Ronald Reagan: Cytaty po angielsku

Ronald Reagan był prezydent USA. Cytaty po angielsku.
Ronald Reagan: 314   Cytatów 4   Polubienia

“Recession is when your neighbor loses his job. Depression is when you lose yours. And recovery is when Jimmy Carter loses his.”

Speech in Jersey City, New Jersey (1 September 1980) http://www.slate.com/id/2201249/
1980s
Kontekst: Let it show on the record that when the American people cried out for economic help, Jimmy Carter took refuge behind a dictionary. Well, if it's a definition he wants, I'll give him one. A recession is when your neighbor loses his job. A depression is when you lose yours. And recovery is when Jimmy Carter loses his.

“I've noticed that everyone who is for abortion has already been born.”

Anderson-Reagan Presidential Debate (21 September 1980) http://www.presidency.ucsb.edu/ws/index.php?pid=29407
1980s
Kontekst: With regard to the freedom of the individual for choice with regard to abortion, there's one individual who's not being considered at all. That's the one who is being aborted. And I've noticed that everybody that is for abortion has already been born.

“To a few of us here today this is a solemn and most momentous occasion, and yet in the history of our nation it is a commonplace occurrence.”
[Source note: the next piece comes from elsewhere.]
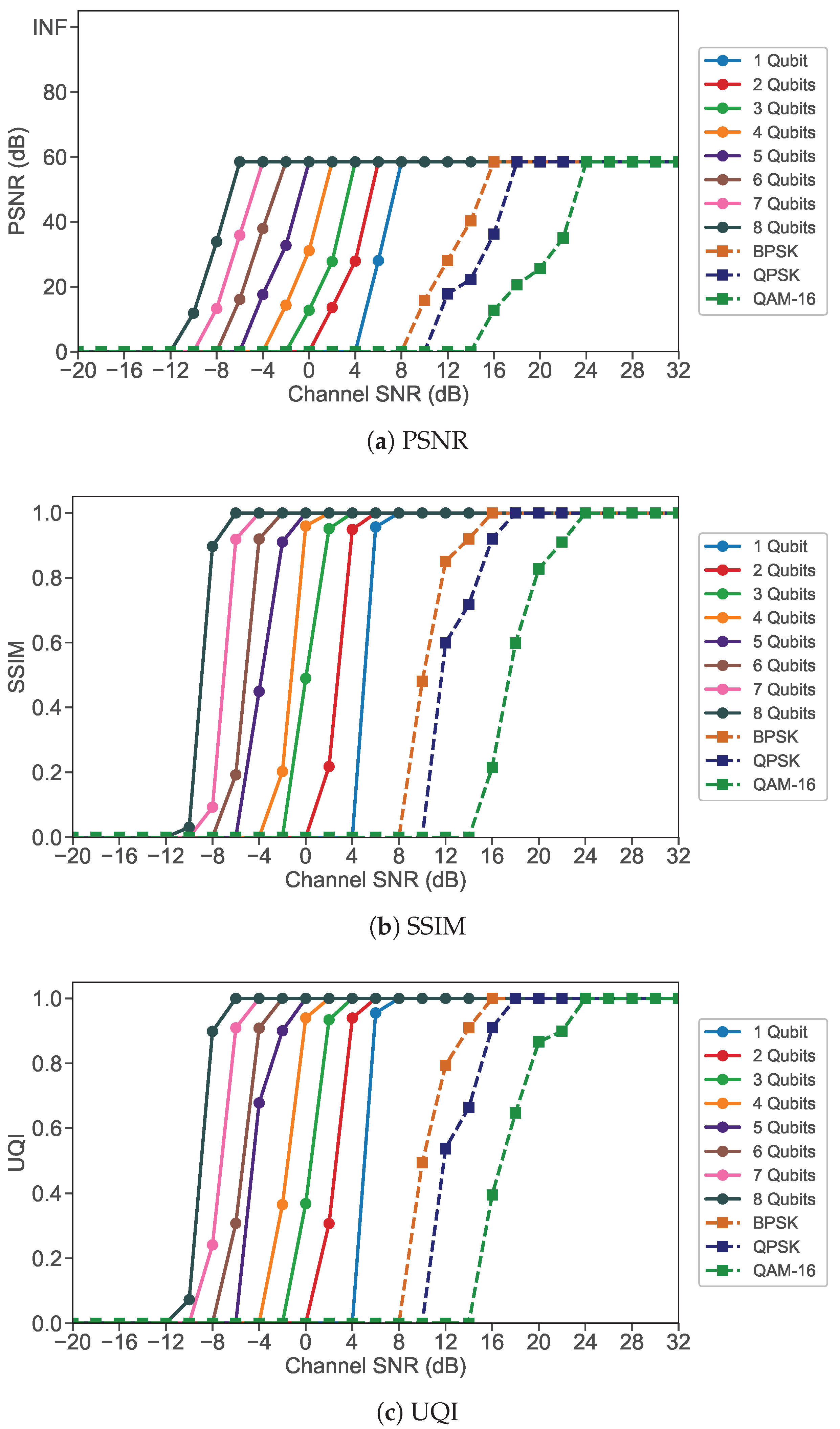 - Jayasinghe, U.; Samarathunga, P.; Ganearachchi, Y.; Fernando, T.; Fernando, A. Quantum communications for image transmission over error-prone channels. Electron. Lett. 2024, 60, e13300. [Google Scholar] [CrossRef]

1980s, First term of office (1981–1985), First Inaugural address (1981)
Kontekst: To a few of us here today this is a solemn and most momentous occasion, and yet in the history of our nation it is a commonplace occurrence. The orderly transfer of authority as called for in the Constitution routinely takes place, as it has for almost two centuries, and few of us stop to think how unique we really are. In the eyes of many in the world, this every-four-year ceremony we accept as normal is nothing less than a miracle.

“How do you tell a Communist? Well, it's someone who reads Marx and Lenin. And how do you tell an anti-Communist? It's someone who understands Marx and Lenin.”
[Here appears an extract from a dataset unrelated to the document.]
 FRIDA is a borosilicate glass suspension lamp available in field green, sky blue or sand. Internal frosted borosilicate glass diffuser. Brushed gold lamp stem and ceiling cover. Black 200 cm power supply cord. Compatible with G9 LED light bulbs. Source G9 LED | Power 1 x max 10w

Remarks in Arlington, Virginia http://www.reagan.utexas.edu/archives/speeches/1987/092587b.htm (25 September 1987)
1980s, Second term of office (1985–1989)

“We establish no religion in this country, we command no worship, we mandate no belief, nor will we ever. Church and state are, and must remain, separate.”

Speech to Temple Hillel and Community Leaders in Valley Stream http://www.jewishvirtuallibrary.org/jsource/US-Israel/RR10_26_84.html (26 October 1984)
1980s, First term of office (1981–1985)
Kontekst: We in the United States, above all, must remember that lesson [of the Holocaust], for we were founded as a nation of openness to people of all beliefs. And so we must remain. Our very unity has been strengthened by our pluralism. We establish no religion in this country, we command no worship, we mandate no belief, nor will we ever. Church and state are, and must remain, separate. All are free to believe or not believe, all are free to practice a faith or not, and those who believe are free, and should be free, to speak of and act on their belief.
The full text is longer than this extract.